Deriving Fermi's Golden Rule
Fermi's Golden Rule is the bedrock of spectroscopic transitions. It dictates the probability rate of a system transitioning from an initial state \( |i\rangle \) to a final state \( |f\rangle \) under a weak perturbation. To understand where this equation comes from, we must turn to Time-Dependent Perturbation Theory (TDPT).
1. The Unperturbed System
Assume we have a quantum system (like an atom) governed by an unperturbed Hamiltonian \( H_0 \). Its eigenstates \( |n\rangle \) satisfy \( H_0 |n\rangle = E_n |n\rangle \). The time evolution of these states is simply: $$ \Psi_n(t) = |n\rangle e^{-i E_n t / \hbar} $$
2. The Electromagnetic Perturbation
At time \( t = 0 \), we turn on an X-ray beam. The X-ray is an oscillating electromagnetic field, which we treat as a time-dependent perturbation \( H'(t) \). In the electric dipole approximation, this is: $$ H'(t) = -e \mathbf{E}_0 \cdot \mathbf{r} \cos(\omega t) = V \left( e^{i\omega t} + e^{-i\omega t} \right) $$ where \( V = -\frac{1}{2} e \mathbf{E}_0 \cdot \mathbf{r} \), \( \mathbf{E}_0 \) is the electric field amplitude, and \( \omega \) is the frequency of the X-ray.

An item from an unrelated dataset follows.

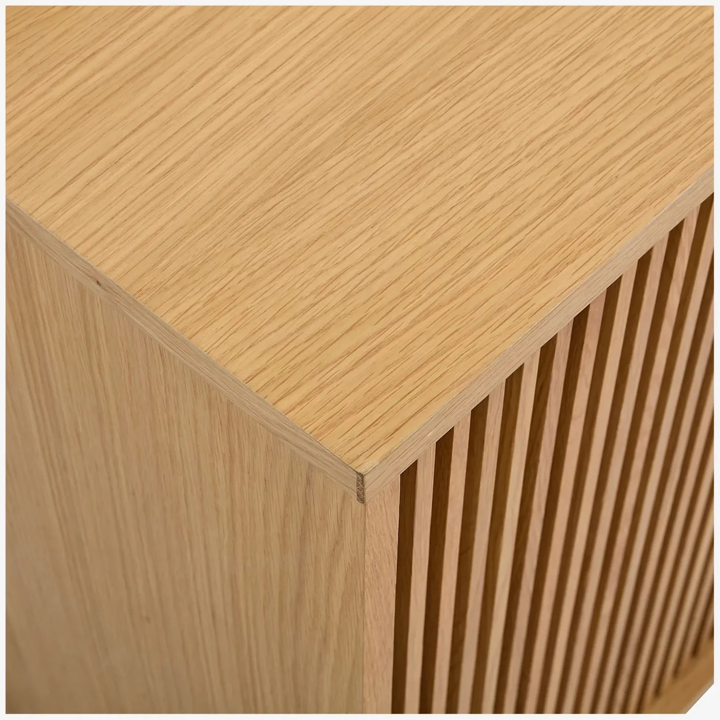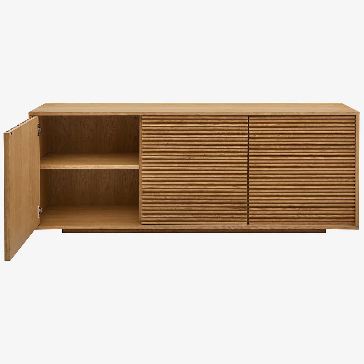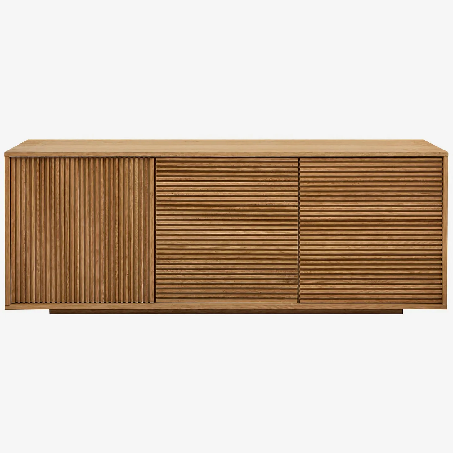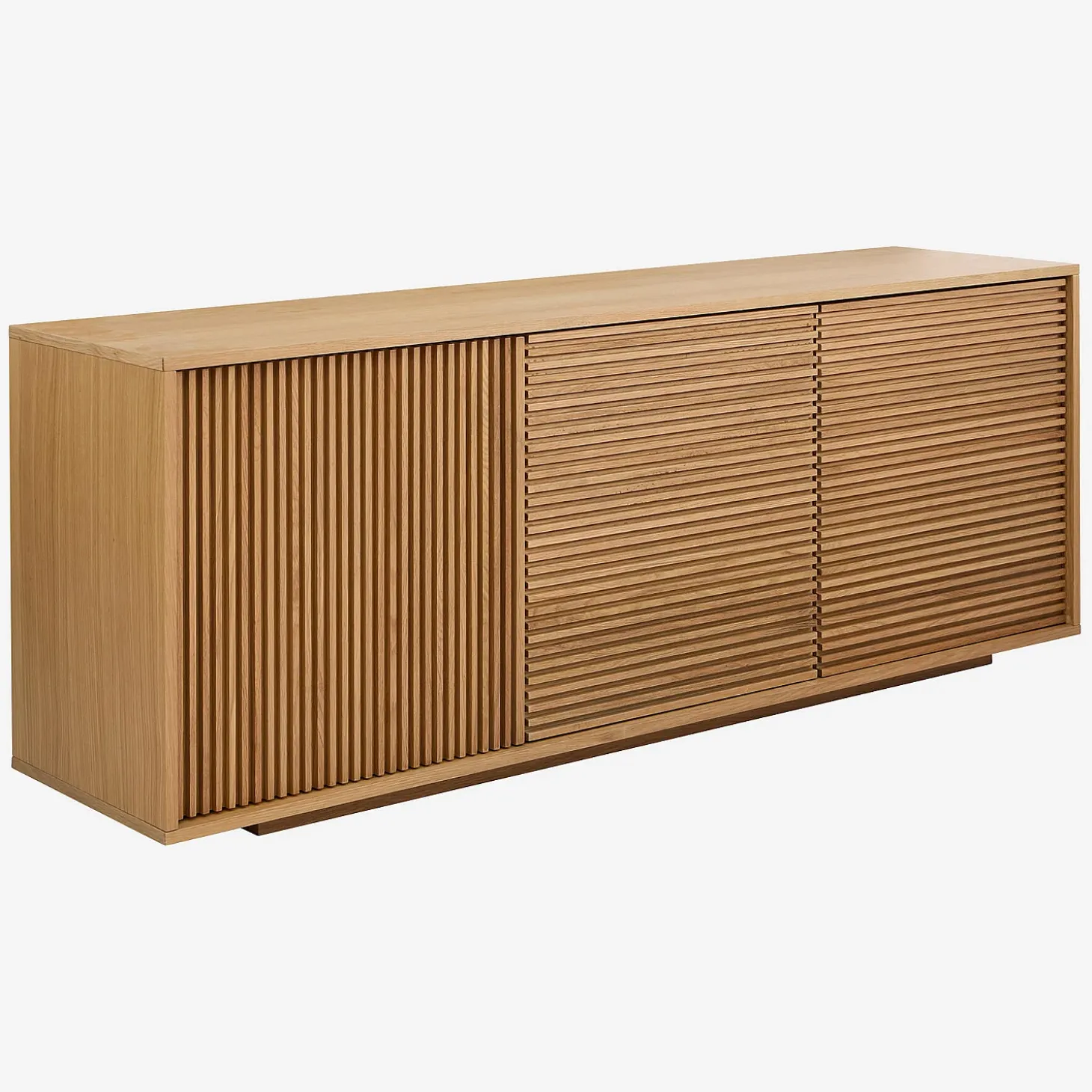 Charge maximale supportée par les étagères : 10 kgJeu de lattes, lignes épurées et ouverture push-pull définissent ce buffet en chêne au design moderne. Une pièce de caractère pensée pour conjuguer rangement et authenticité.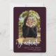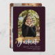 Script branco reproduzível com destaque para o boné de formatura do ouro, anúncio de graduação de fotos em arco. Recursos, fundo de cor roxa escura.

3. First-Order Transition Amplitude
We want to find the probability amplitude \( c_f(t) \) of finding the electron in a final state \( |f\rangle \) at time \( t \), given it started in state \( |i\rangle \) at \( t=0 \). First-order TDPT gives the differential equation: $$ i\hbar \frac{dc_f}{dt} = \langle f | H'(t) | i \rangle e^{i \omega_{fi} t} $$ where \( \omega_{fi} = (E_f - E_i)/\hbar \) is the Bohr frequency between the states.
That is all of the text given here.